Thursday, October 15, 2020

The paradox of fossil fuel shortages

 We (the western world) may run short of oil, coal and other fossil fuels by 2025, and this will cause the economy to decline (or it may be an effect of a shrinking economy that requires less fuel).  This isn't an actual shortage, as there will still be lots of fuel in the ground, instead it is a lack of fuel available for sale because the price is too low to pay for the cost of extraction.

Now if the price is too low, you would assume that raising the price would take care of the shortages.  But this is the paradox - that oil prices remain too low despite shortages.  Why is this?  Because the economy has become bifurcated between industrial workers, who work at energy-intensive jobs, and the elite, who don't require as much electricity.  
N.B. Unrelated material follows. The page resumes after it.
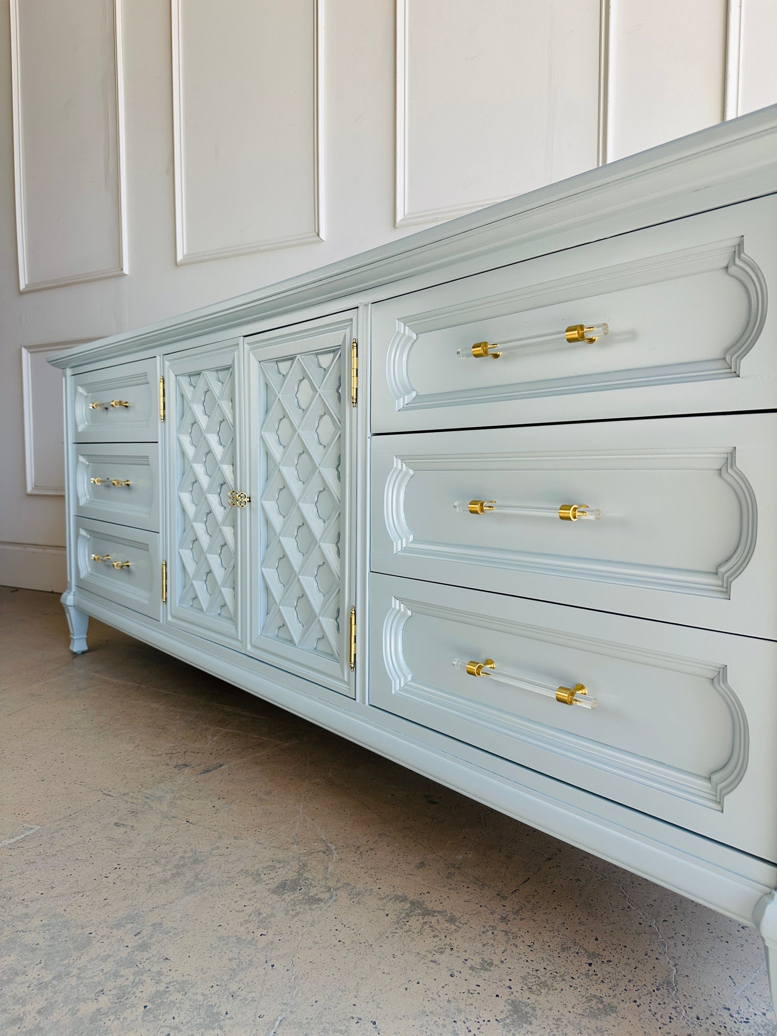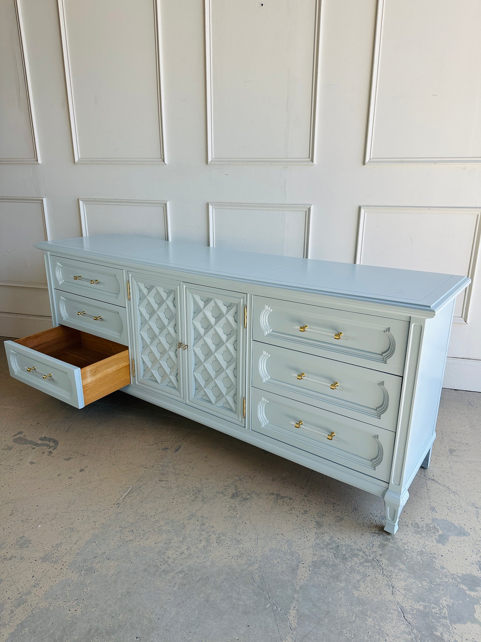 Nine storage areas: six full-size drawers plus a center cabinet with interior storage

That is my explanation of Gail Tverberg's theory:

As the economy approaches limits, prices tend to fall too low for producers, rather than rise too high for consumers. Energy prices tend to fall too low because, as the economy gets more complex, wage and wealth disparity tend to grow, reflecting differences in training and responsibility. The problem occurs because low-paid workers cannot afford to buy very large quantities of goods and services produced by the economy. For example, many cannot afford a car or a home of their own. The spending of high-paid workers does not offset the loss of demand by low-paid workers because high-paid workers tend to spend their wages more on services, such as advanced education, which require proportionately less energy consumption. Ultimately, the lack of demand by low-paid workers tends to pull down the prices of oil and other commodities below the level required by producers.

https://ourfiniteworld.com/2020/09/23/reaching-the-end-of-early-stimulus-whats-ahead/

Henry Ford paid his auto workers more than the going wage rate so that they could afford their own cars, in a virtuous cycle.  This is that cycle in reverse - low paid workers cannot afford to buy what the economy produces, leading to a shrinking in the real economy.